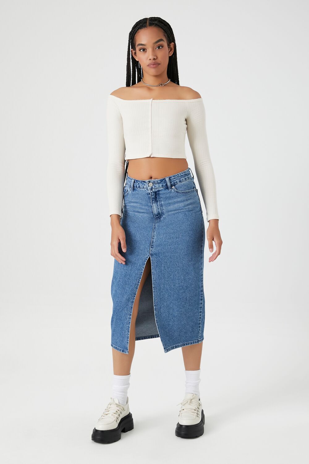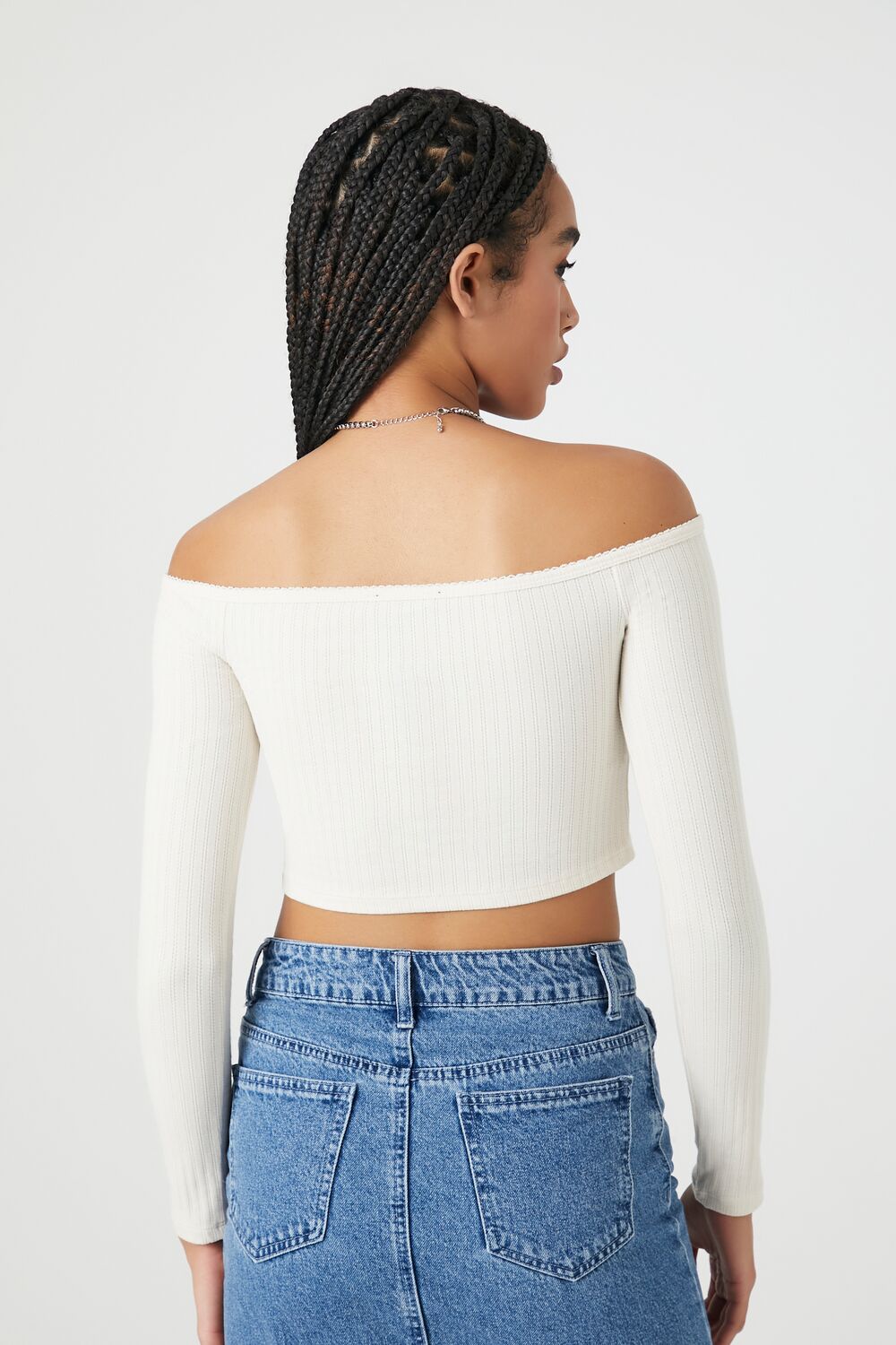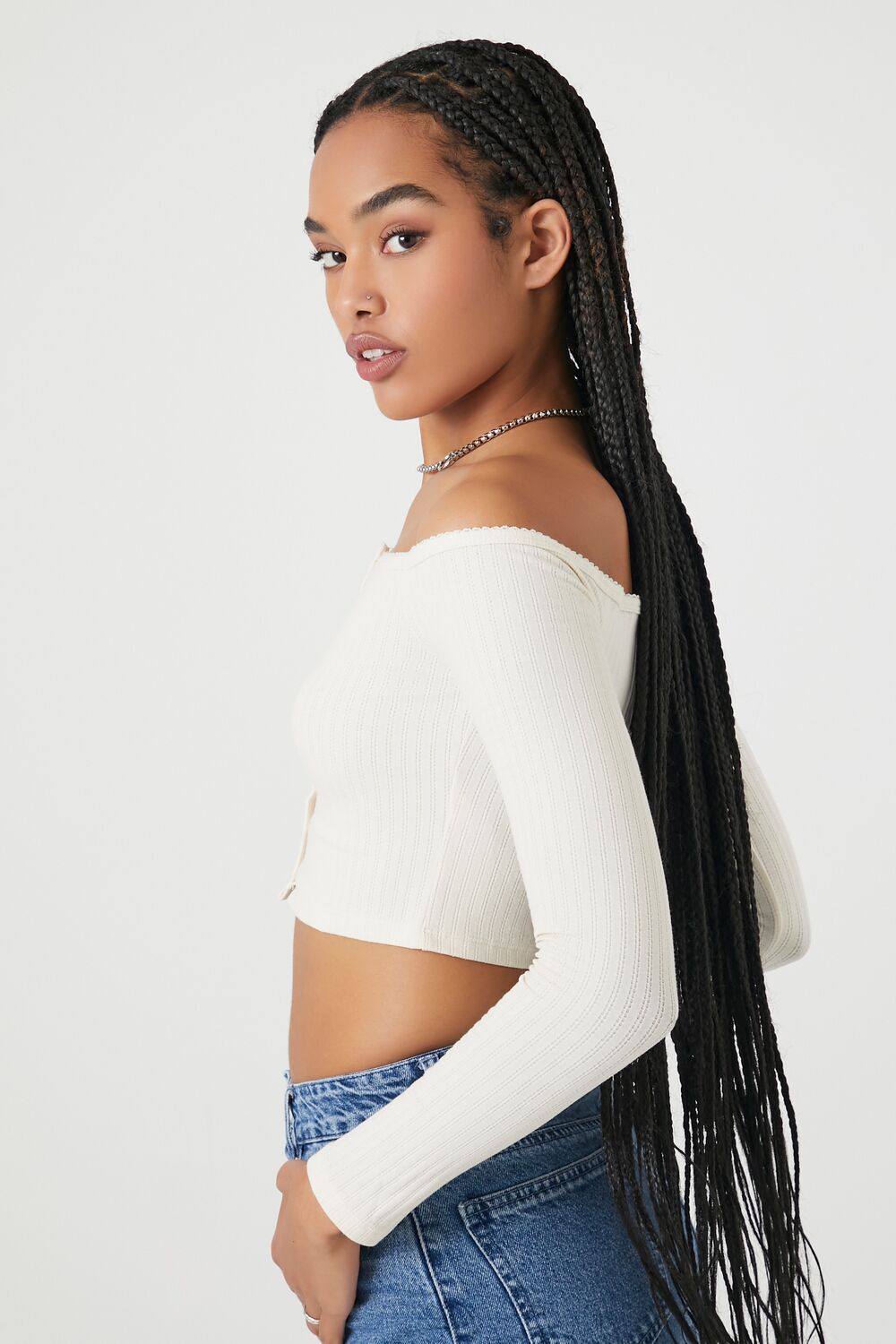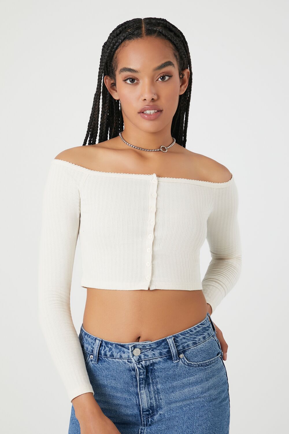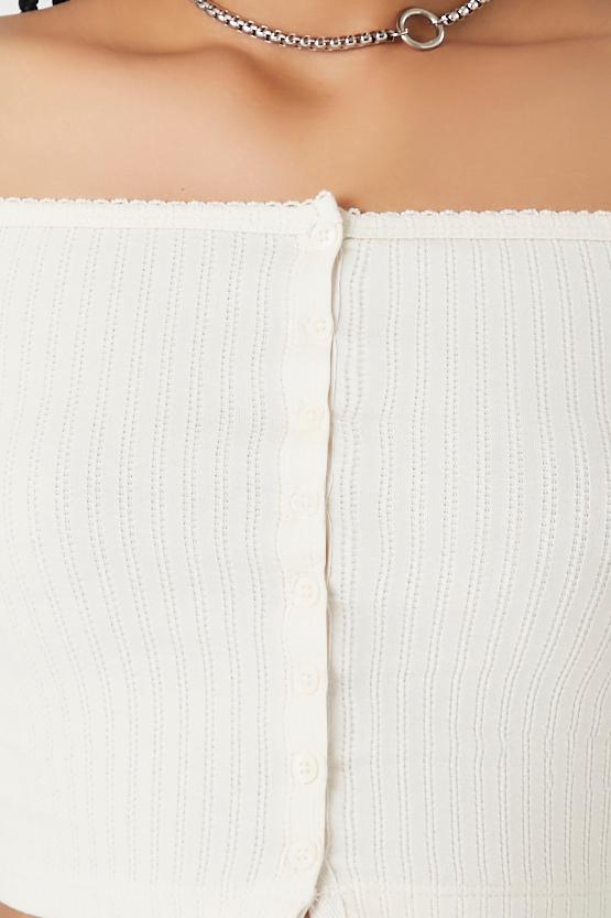 A Pointelle ribbed knit top featuring an off-the-shoulder neckline, long sleeves, button-front closures, and a cropped hem.Content + Care
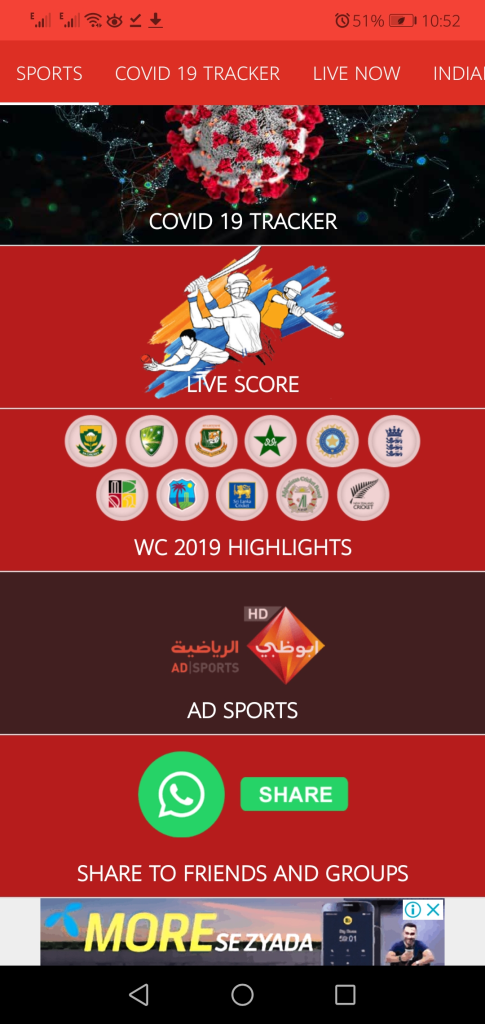By seeing name people thing, it only provides you a platform to watch sports-related video content but also has different categories for Covid 19 pandemic which allow you to get all authentic statistic about Covid 19 pandemic in worldwide and India.
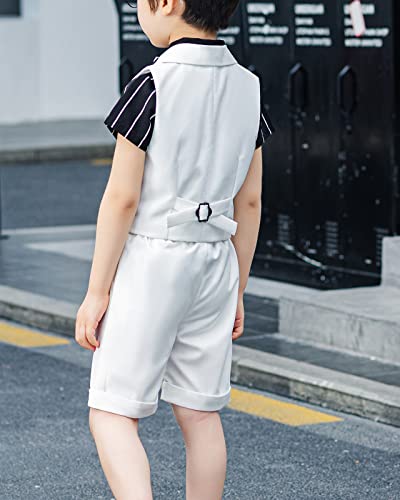 Yishengwan 4 Pezzi Bambini Ragazzi Eleganti Abiti da Cerimonia Smoking Abbigliamento Set, Camicia a Manica Corta + Papillon + Gilet + Pantaloni per Nozze Cerimonia Bianca 90
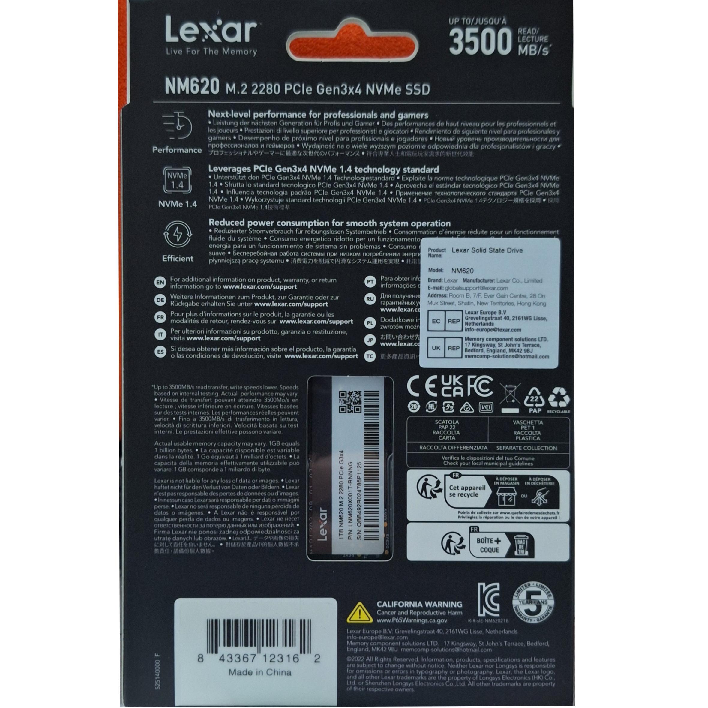 حافظه SSD لکسار مدل NM620 M.2 2280 NVMe یک حافظه SSD داخلی با سرعت بالا است که برای کامپیوترهای شخصی و لپ تاپهای مدرن طراحی شده است. این حافظه از رابط PCIe Gen3x4 استفاده میکند و سرعت خواندن و نوشتن ترتیبی تا 3500 و 3000 مگابایت بر ثانیه با طول عمر 1.5میلیون
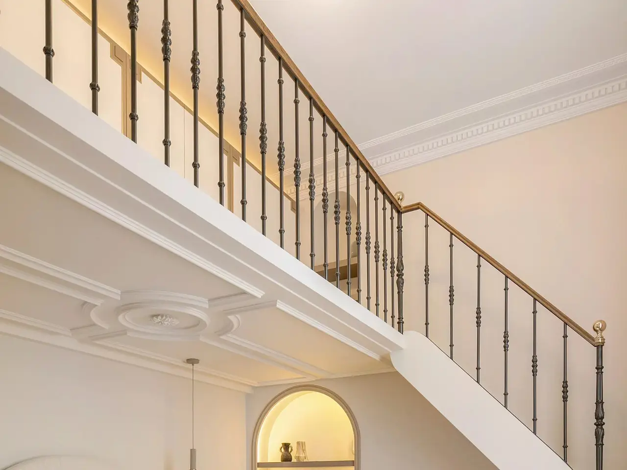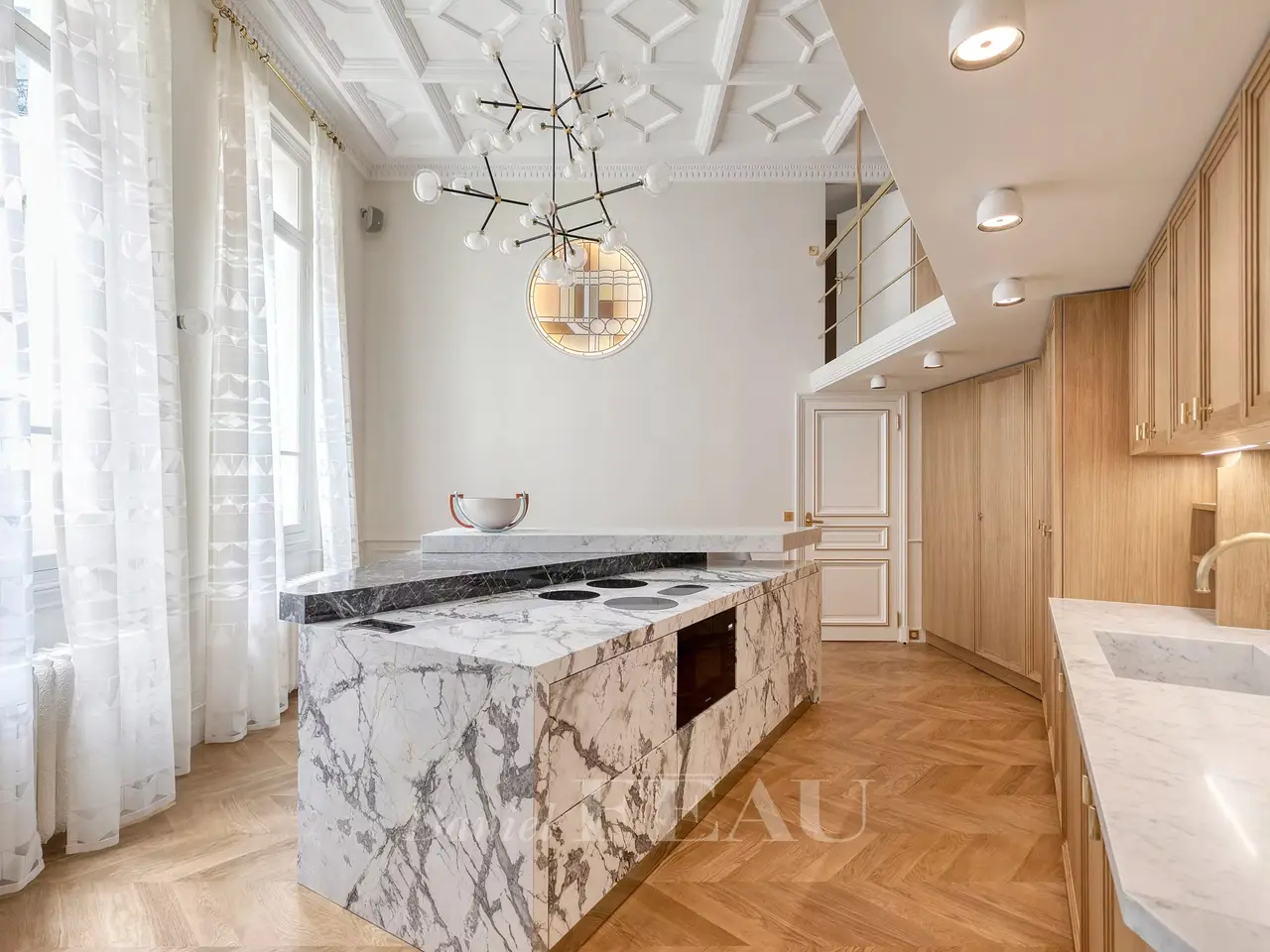 Unique. This magnificent apartment offering 350 sqm of floor space and 320 sqm of living space is on the 2nd floor of an elegant 18th century private mansion, the hôtel d'Orgemont, and overlooks Place Beauvau, the Elysee Palace, avenue de Marigny and Faubourg Saint Honoré. Renovated throughout by a renowned interior decorator and allying contemporary style and period elegance, it includes an entrance hall, a spacious living/reception room with a panelled study benefiting from wide floor-to-ceiling windows overlooking Place Beauvau, a dining room featuring a monumental fireplace and stained glass, a fully equipped kitchen with dining facilities, a second kitchen, a utility room, a storage room, a luxurious master suite with a mahogany dressing room and a complete marble-tiled bathroom, a second suite with a shower room and a dressing room, a spare bedroom with a shower room, and a guest wc. Air conditioning. With 5th floor staff studio apartment and study (20 sqm in total), and three cellars.
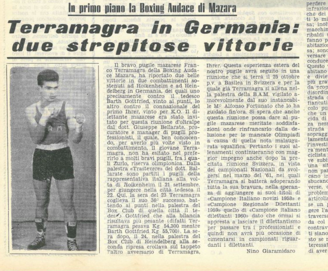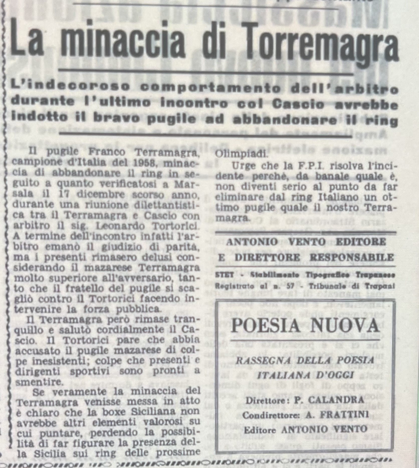 Si è spento nella notte del 12 settembre, a 85 anni, l'ex campione italiano di box Francesco Terramagra. Nato il 29 novembre 1939, Terramagra è stato una figura di spicco nel panorama sportivo locale, conquistando il titolo di campione d'Italia dei pesi gallo nel biennio 1957/1958. Un riconoscimento prestigioso, frutto di un talento e una dedizione straordinari. Membro della prima squadra di boxe di Mazara, Terramagra fu allenato e seguito dal maestro Alfonso Fortunato, costruendo così una carriera straordinaria con circa 110 combattimenti e numerosi premi nazionali e internazionali ottenuti. Oltre che sul ring, Francesco si distingueva nella vita di tutti i giorni.
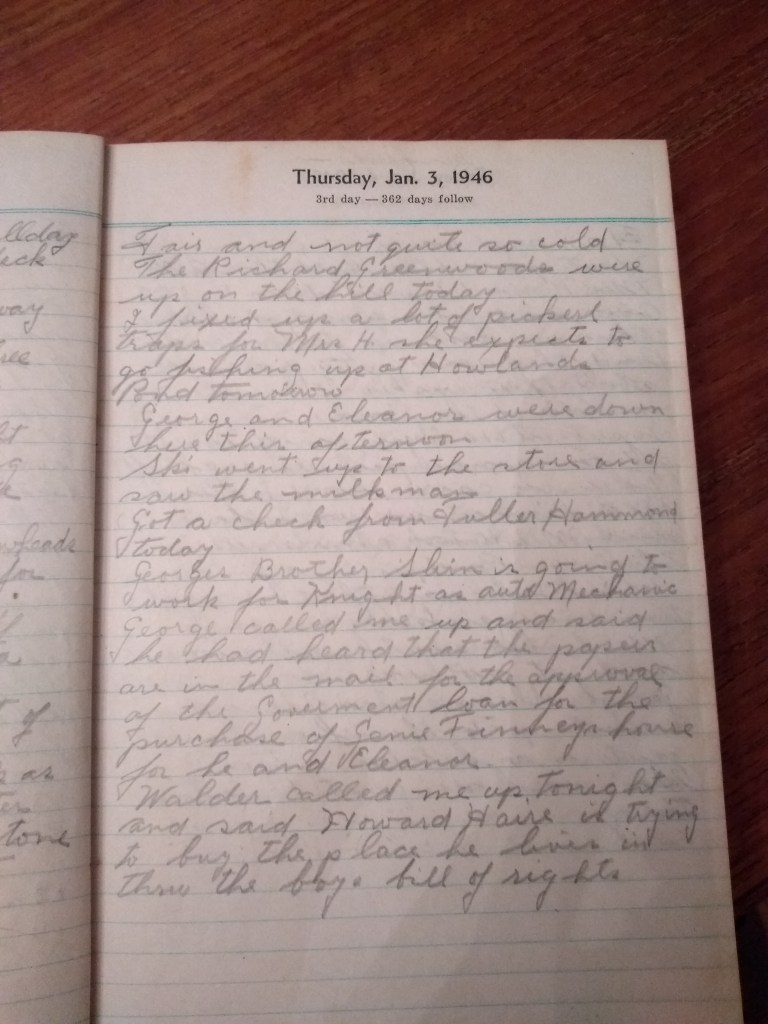 George called me up and said he had heard that the papers are in the mail for the approval of the government loan for the purchase of Genie Finney’s house for he and Eleanor.

++++++

Please transcribe the listing above verbatim and exclude every picture.

 A Pointelle ribbed knit top featuring an off-the-shoulder neckline, long sleeves, button-front closures, and a cropped hem.Content + Care
By seeing name people thing, it only provides you a platform to watch sports-related video content but also has different categories for Covid 19 pandemic which allow you to get all authentic statistic about Covid 19 pandemic in worldwide and India.
 Yishengwan 4 Pezzi Bambini Ragazzi Eleganti Abiti da Cerimonia Smoking Abbigliamento Set, Camicia a Manica Corta + Papillon + Gilet + Pantaloni per Nozze Cerimonia Bianca 90
 حافظه SSD لکسار مدل NM620 M.2 2280 NVMe یک حافظه SSD داخلی با سرعت بالا است که برای کامپیوترهای شخصی و لپ تاپهای مدرن طراحی شده است. این حافظه از رابط PCIe Gen3x4 استفاده میکند و سرعت خواندن و نوشتن ترتیبی تا 3500 و 3000 مگابایت بر ثانیه با طول عمر 1.5میلیون
 Unique. This magnificent apartment offering 350 sqm of floor space and 320 sqm of living space is on the 2nd floor of an elegant 18th century private mansion, the hôtel d'Orgemont, and overlooks Place Beauvau, the Elysee Palace, avenue de Marigny and Faubourg Saint Honoré. Renovated throughout by a renowned interior decorator and allying contemporary style and period elegance, it includes an entrance hall, a spacious living/reception room with a panelled study benefiting from wide floor-to-ceiling windows overlooking Place Beauvau, a dining room featuring a monumental fireplace and stained glass, a fully equipped kitchen with dining facilities, a second kitchen, a utility room, a storage room, a luxurious master suite with a mahogany dressing room and a complete marble-tiled bathroom, a second suite with a shower room and a dressing room, a spare bedroom with a shower room, and a guest wc. Air conditioning. With 5th floor staff studio apartment and study (20 sqm in total), and three cellars.
 Si è spento nella notte del 12 settembre, a 85 anni, l'ex campione italiano di box Francesco Terramagra. Nato il 29 novembre 1939, Terramagra è stato una figura di spicco nel panorama sportivo locale, conquistando il titolo di campione d'Italia dei pesi gallo nel biennio 1957/1958. Un riconoscimento prestigioso, frutto di un talento e una dedizione straordinari. Membro della prima squadra di boxe di Mazara, Terramagra fu allenato e seguito dal maestro Alfonso Fortunato, costruendo così una carriera straordinaria con circa 110 combattimenti e numerosi premi nazionali e internazionali ottenuti. Oltre che sul ring, Francesco si distingueva nella vita di tutti i giorni.
 George called me up and said he had heard that the papers are in the mail for the approval of the government loan for the purchase of Genie Finney’s house for he and Eleanor.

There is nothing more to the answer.